What volume of 0.123 M K3PO4 is required to react with 60 mL of 0.862 M MgCl2 according to the equation
2K3PO4+3MgCl2--> Mg3(PO4)2+6KCl
Answer in units of mL.
The correct answer to this question is 6.69 mL
First you have to convert grams to moles
Then add up the numbers
Finally get to the covalent formula and divide by the atomic number of mercury
And final answer 6.69 mL
It is 6.69 mL
Thanks 6ix9ine, it is actually the correct answer
840.9756098
To determine the volume of 0.123 M K3PO4 required to react with 60 mL of 0.862 M MgCl2, we first need to find the mole ratio between K3PO4 and MgCl2 based on the balanced equation.

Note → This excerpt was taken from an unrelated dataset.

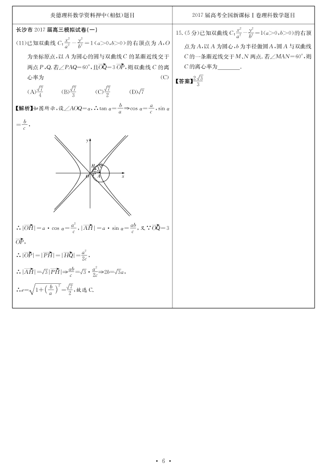 2017高考全國新課標(biāo)卷Ⅰ對(duì)分表-理數(shù)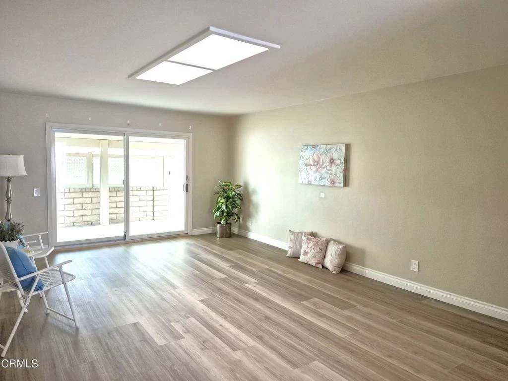 Welcome to this beautifully upgraded Del Mar model in Leisure Village Camarillo 55+ community, offering over 1100 square feet of comfortable, light-filled living space in one of the most desirable locations--just steps from the Recreation Center!This move-in ready home features dual-pane windows, vinyl plank flooring throughout, neutral paint, high baseboards, and smooth ceilings. The spacious living room is enhanced by a skylight for natural light and is ready for easy TV mounting. The updated kitchen offers custom cabinetry, smooth countertops, white appliances, recessed lighting, and a charming dining area surrounded by windows.Both bedrooms are generously sized--a key feature of the popular Del Mar model. The primary suite includes mirrored closet doors and an en-suite bathroom with a tub/shower combo, while the hall bathroom features a large vanity and walk-in shower. Enjoy year-round comfort with a recently updated HVAC system.Step outside to a nice-size covered patio with peaceful tree views, complete with a block wall and lattice/trellis for added privacy--perfect for relaxing or entertaining. The extra-long garage provides ample storage with built-in cabinets, laundry hook-ups and overhead racks.Living in Leisure Village means enjoying a guard-gated, resort-style lifestyle with an incredible array of amenities including a 18-hole par-3 golf course, tennis, pickle ball, pool & spa, fitness center, billiards, woodshop, ceramics studio, and countless clubs and activities. The HOA covers water, sewer, trash, cable TV, internet, landscaping, exterior maintenance, roof, and 24-hour security, making for truly low-maintenance living.Don't miss this opportunity to enjoy comfort, convenience, and community in one of Camarillo's most sought-after 55+ neighborhoods!

From the equation: 2K3PO4 + 3MgCl2 → Mg3(PO4)2 + 6KCl
We can see that the ratio of K3PO4 to MgCl2 is 2:3. This means that for every 2 moles of K3PO4, we need 3 moles of MgCl2.
Now, let's calculate the number of moles of MgCl2 we have:
Molarity (M) = moles (n) / volume (V)
0.862 M = n / 0.060 L
Rearranging the equation:
n (moles of MgCl2) = 0.862 M × 0.060 L = 0.05172 moles
Since the ratio of K3PO4 to MgCl2 is 2:3, we can determine the number of moles of K3PO4 using the ratio:
n (moles of K3PO4) = (2/3) × n (moles of MgCl2)
n (moles of K3PO4) = (2/3) × 0.05172 moles = 0.03448 moles
Now, let's calculate the volume of 0.123 M K3PO4 needed using the molarity equation:
Molarity (M) = moles (n) / volume (V)
0.123 M = 0.03448 moles / V
Rearranging the equation:
V (volume of K3PO4) = 0.03448 moles / 0.123 M = 0.2803 L
Since the volume is given in milliliters (mL):
V (volume of K3PO4) = 0.2803 L × 1000 mL/L = 280.3 mL
Therefore, the volume of 0.123 M K3PO4 required to react with 60 mL of 0.862 M MgCl2 is 280.3 mL.
what is the answer
1. Convert MgCl2 to moles. moles = M x L.
2. Using the coefficients in the balanced equation, convert moles MgCl2 to moles K3PO4.
3. Remembering M = moles/L, you have moles and you have M, calculate L and convert to mL.